In the case of Pin/roller in mid, isn't the moment at the right end become clockwise producing clockwise rotation? thanks
This is really superb explanation of differential relationships of force and force effects. I am sure it would have reached a lot of students if this clip were titled in such a way that CZcams algorithm shows it if someone searches this concept. Anyways thank you so much for taking the time to record this.
What will be the number of maximum possible reaction at fixed support in cantilever beam
A fixed end would resist translation in two directions and rotation about the third (if in 2-D).
Hey Doug, cool video, thanks!
you are welcome!
How to assemble two local Stiffness matrix into the global Stiffness matrix?
first transform from local to global coordinates if not already done so. then map the local degrees of freedom into the global from which that tells you where to populate the values.
I don't understand where is force applied .. in air ? Shouldn't be applied in the member itself to avoid it's twisting
Just imagine a plate on the cross section where the force will be applied at some certain distance
Thanks Doug! That was an awesome explanation.
Ya welcome!
Hello i have q about stiffness coefficient can I send to you??
you can find me at the university of utah
Isn’t the 900N also clockwise?
With respect to point C, the shear center, no. That is actually the issue at hand. The 900 N is the shear force. It needs that couple in the flanges to equilibrate the couple caused by the 900 N with respect to the shear center. These asymmetric shapes induce this type of effect.
Thanks man, Great Job
thank you
can we have a detailed solution video for the same problems.?
THANK YOU for going carefully through the matrix calculations. linear algebra was 2 years ago. Great refresher! Feeling confident now with this concept
This was awesome and super helpful, thank you! structures 2 i the hardest in the BS civil degree imo. . .any chance we could see a distributed load case sometime?
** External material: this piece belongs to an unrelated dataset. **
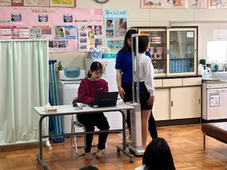 身長、体重の測定と保健室の先生から保健室の利用方法について、説明を聞きました。

Thanks, Savannah. The distributed load case would be quite similar. There, I might approximate the situation as a simple beam ... now the moment diagram is a concave downwards parabola and the maximum positive moment would be wL^2/8 in the middle (zero at the ends). We know for sure that the real maximum positive moment is less than that. (Turns out to be wL^2/24). The real moment diagram will be that from the simple case super-imposed on a moment diagram that has two equal and negative moments on the end. The key question is just big those might be. We could do the same thing as the video: insert a hinge in the middle and consider what then happens. The end moment would become wL^2/8 (wL/2 multiplied by L/4). So now we have a largest negative value bound for the end moment: It has to be between -wL^2/8 and 0. The largest moment in the middle has to be between 0 and wL^2/8. It is weird that both non-zero bounds are the same. And, the range is maybe too large to be useful, but it starts to point us in the right direction. The real answers are -wL^2/12 and wL^2/24. Note the algebraic difference of wL^2/8. That is not happenstance. It is the incremental change in the moment from the end to the mid-point due to the uniformly distributed load. Happens every time. End conditions don't change the incremental value. End conditions just change where we start the moment. It is much the same approach for any symmetrical load pattern. For asymmetric load patterns (such as off-center loads), I might insert the hinge under the point load whereever it is to find estimates. Because we are doing something extreme (inserting a hinge), there is a reasonable chance that we are creating bounding conditions on the response values.
Wow. My mechanics professor was great, but he wasn't able to explain where this particular shear equation was derived from. This takes it a step further for me.